Usually when you have them already in the tank like that & you notice, it's almost impossible to catch them, unless you totally break down the tank. I end up making more places for them to duck into & be comfortable & make sure that they get food & they grow & do the rest.

CONGRATZ!!

gjx


----------



## cichlidgirl1 (Sep 17, 2007)

If you had your heart set on catching them you could also try to put a tank divider (make sure it goes into the substrate) when they are in a certain area that way you would only have to remove the rocks in that one area and not the entire tank. Then you could net them and put everything back the way it was.


----------



## GJx (Mar 13, 2003)

cichlidgirl1 said:


> If you had your heart set on catching them you could also try to put a tank divider (make sure it goes into the substrate) when they are in a certain area that way you would only have to remove the rocks in that one area and not the entire tank. Then you could net them and put everything back the way it was.

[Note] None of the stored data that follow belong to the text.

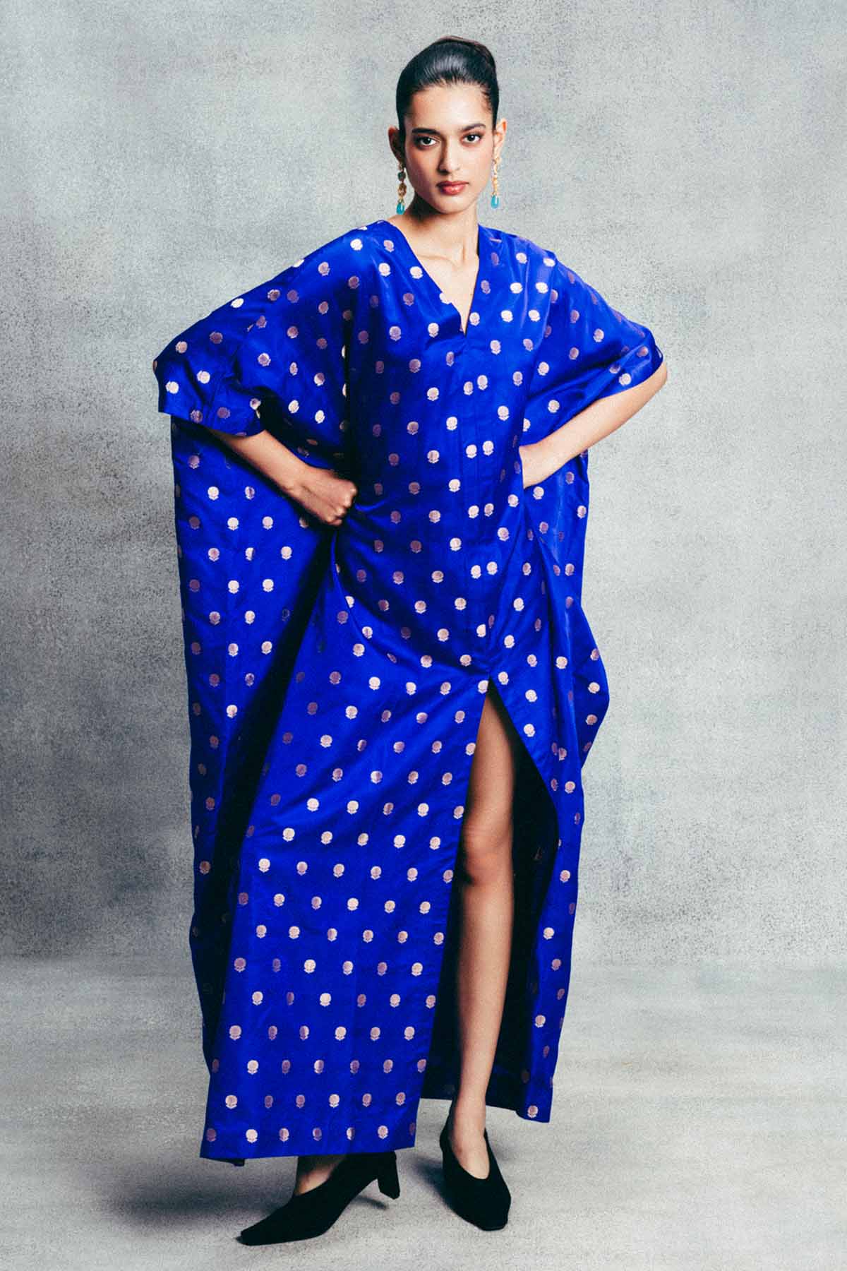 Crafted using the finest silks, ekaya introduces one of its boldest new expressions yet, the banarasi kaftan. This elcetric blue kaftan is handwoven in cutwork banarasi technique and crafted in satin-silk. Cut in a fluid global silhouette, it features a v-neckline, kimono sleeves and deep front slit. Designed for styling, this kaftan adapts to how you wear it, from day to evening, across settings and moods. It's made for the global woman with an indian soul.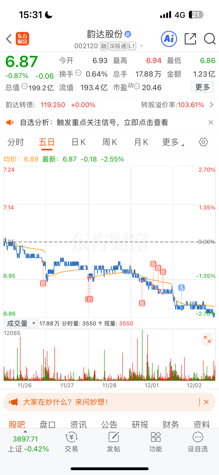 $韵达股份(SZ002120)$ 扛不住了,先减出去一半……他大爷的。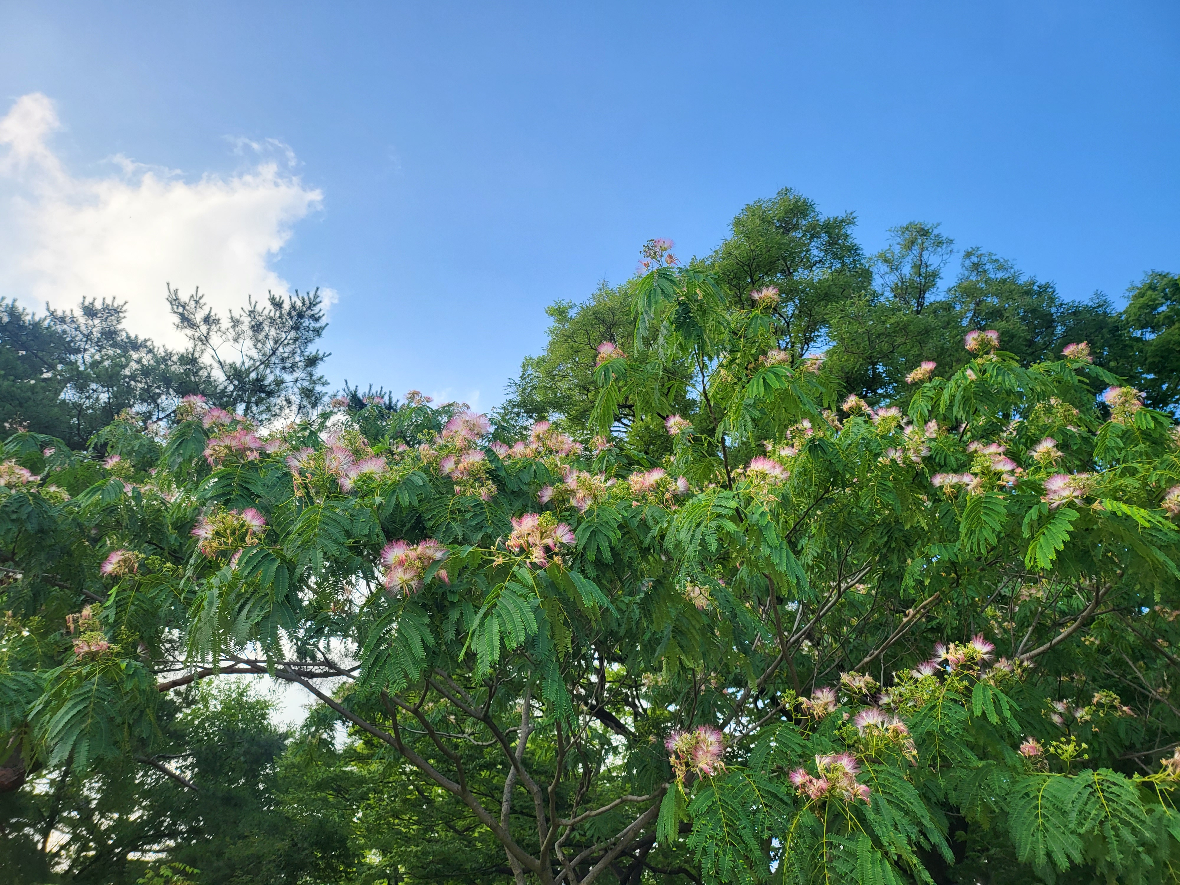 서울에서는 자귀나무라 한다는 이 친구는 보다시피 이 무렵 저 화려찬란한 꽃을 피우곤 하거니와, 우리 동네 산에서는 흔한 수종이었으니, 요새는 저 꽃이 아름답다 해서 관상용으로 쓰는 일이 많은 것이 아닌가 한다.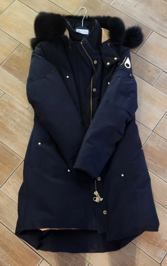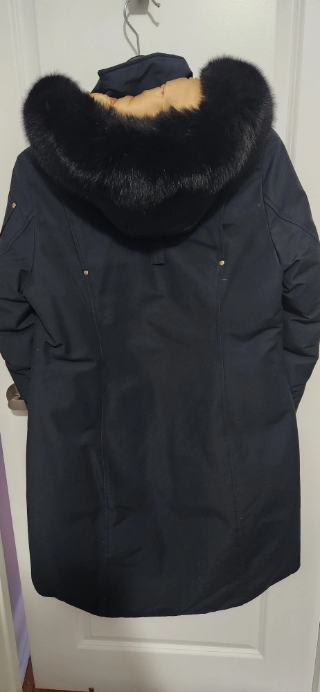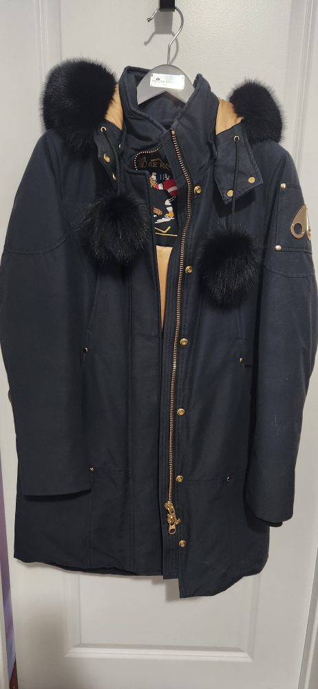 Be ready for winter in this stylish authentic Black down moose knuckle parka with fur hood. Gold hardware. Size Medium. Comes with a garment bag. Only worn a few times!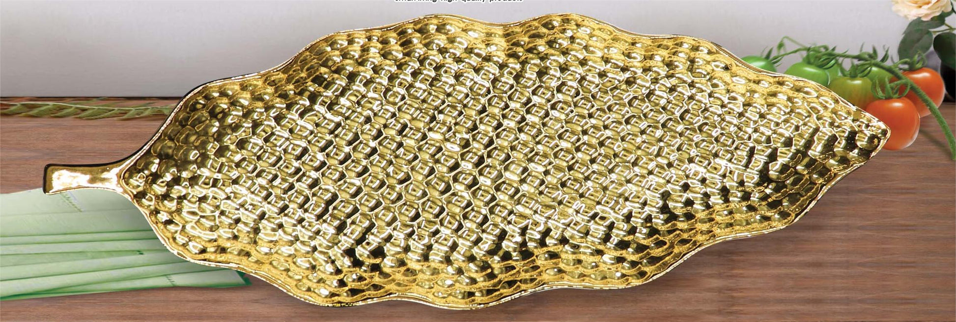Leaf-Shaped Embossed Ceramic Serving Platter – Gold & Silver Finish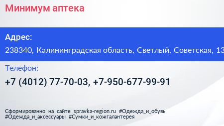 Минимум, аптека по адресу 238340, Калининградская область, Светлый, Советская, 13 в дальнейшем Организация, размещена в следующих категориях: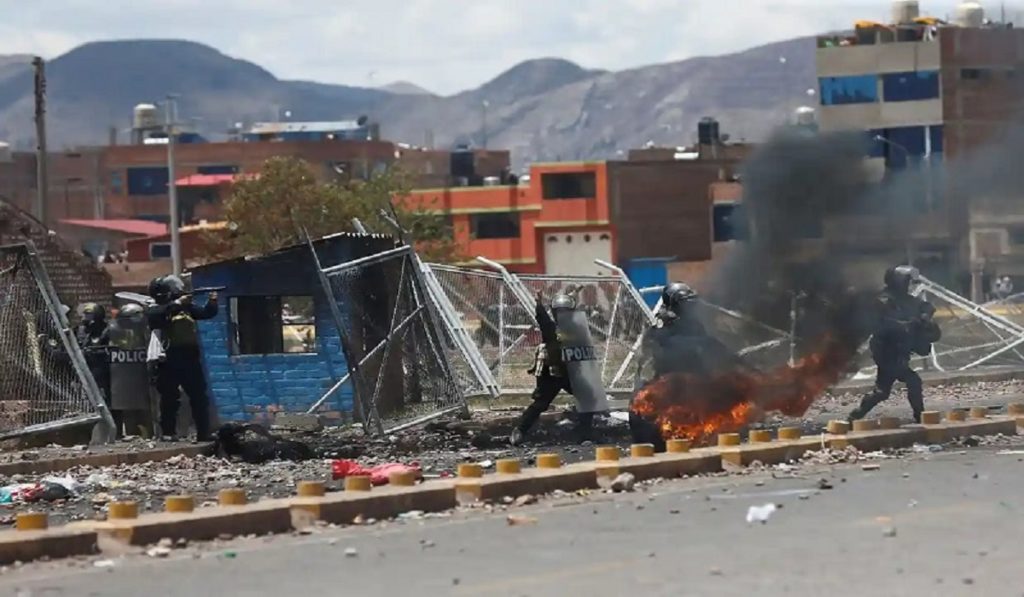 পেরুতে সরকার বিরোধী আন্দোলন আবারও তীব্র আকার ধারণ করেছে। আন্দোলনকারীদের নিয়ন্ত্রণে আইনশৃঙ্খলা রক্ষাকারী বাহিনীর সংঘর্ষে মঙ্গলবার (১০ জানুয়ারি) রাতে দেশটিতে প্রাণ হারান কমপক্ষে ১৭ জন। এবার রাত্রিকালীন কারফিউ জারি করা হয়েছে দেশটিতে। খবর দ্য গার্ডিয়ানের।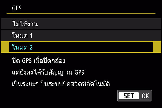 เมื่อตั้งค่ากล้องเป็น "โหมด 1" กล้องจะยังคงได้รับสัญญาณ GPS แม้ในภายหลังจากที่เลื่อนสวิตช์เปิดเปิดของกล้องไปที่ "ปิด" แล้วก็ตาม ซึ่งเป็นสาเหตุให้แบตเตอรี่หมดเร็วขึ้นแม้ว่าจะไม่ได้ใช้งานกล้องและอาจส่งผลให้แบตเตอรี่หมดในระหว่างการถ่ายภาพได้ ดังนั้น อย่าลืมว่าต้องตั้งค่ากล้องเป็น "โหมด 2" หากคุณต้องการใช้งานแบตเตอรี่กล้องได้ยาวนานขึ้น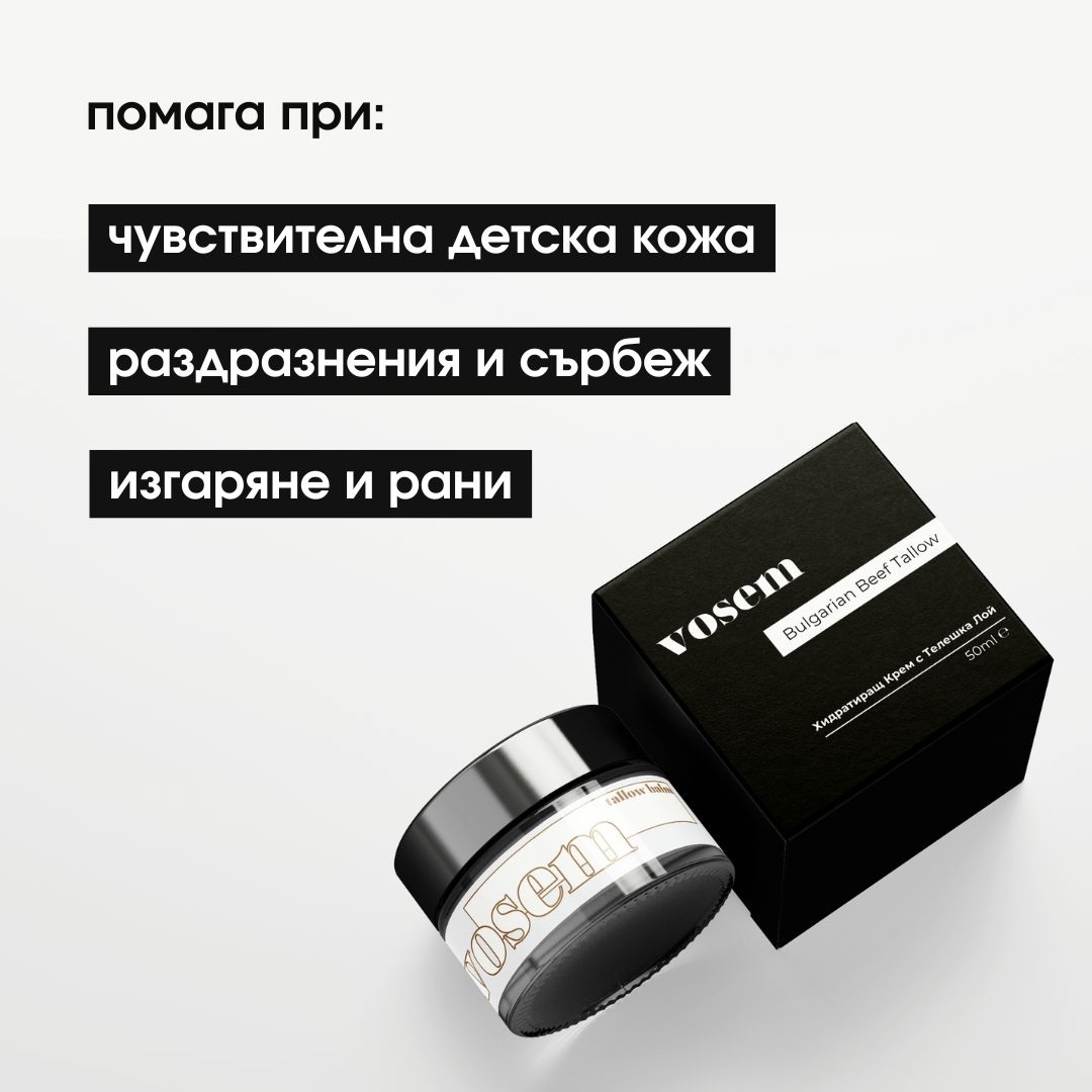 Създадохме нашия крем от телешка лой като дълбоко подхранващо и универсално решение за грижа за кожата, което съчетава силата на естествените съставки за хидратиране, защита и възстановяване на кожата.Сместта от телешка лой, зехтин и бадемово масло осигурява интензивна хидратация и подпомага еластичността на кожата, а пчелният восък създава защитна бариера, която задържа влагата. Заедно тези съставки създават продукт, който не само успокоява, овлажнява и връща обема на кожата, но и подобрява естествената ѝ способност да се лекува и защитава, което води до здрава и сияйна кожа. Произведено ексклузивно с лой от пасищно отглеждани телета във ферма за български Блек Ангъс.

Might work for some, but I'd have to change my aquascaping around drastically just to do that ( HEY MAYBE I'M JUST LAZY  ) & maybe my lil front fry have alwsy been more skiddish than some others, but some of them I hardly saw but briefly & in glimpses,...but far away enough from large rock masses for me to do that.


----------



## cichlidgirl1 (Sep 17, 2007)

I guess it would depend on how much rockwork and how its organized. I try to leave gaps here and there without any rocks, i could slip a divider in and my rock piles are not that high or big rocks. So i guess its all about how many and how its put together.


----------



## Bearfan (Dec 17, 2007)

Congrats. you have a momma fish that can hold full term!


----------



## cichlidgirl1 (Sep 17, 2007)

yeah, i didnt think about that, its rare for fronts to hold full term i belive. Maybe not rare just not as common.


----------



## pondmom (Feb 13, 2004)

You guys are great!! Thanks for all the replies.
However...I'm not looking to catch them. I'm just going to leave them and hopefully they will grow to the size of my adults.
I can't really place a divider in there because it's rather deep and my other fronts would not have the room that they need.
I also have a moori in this tank(which I'd like to find a home for) as well as a yellow one that I don't know what it is.
Everytime I take the camera out...they get very skidish and hide. My largest adult males are roughly 8"

Here's my passion :thumb:


----------



## Bearfan (Dec 17, 2007)

WOW. Very nice. You must live somewhere warm. Those would freeze here in Chicago. Or a large heater would be needed.


----------



## pondmom (Feb 13, 2004)

Bearfan...

I live in Minneapolis, MN. Only in MN can it be 70* one day and snow the next!! :thumb:


----------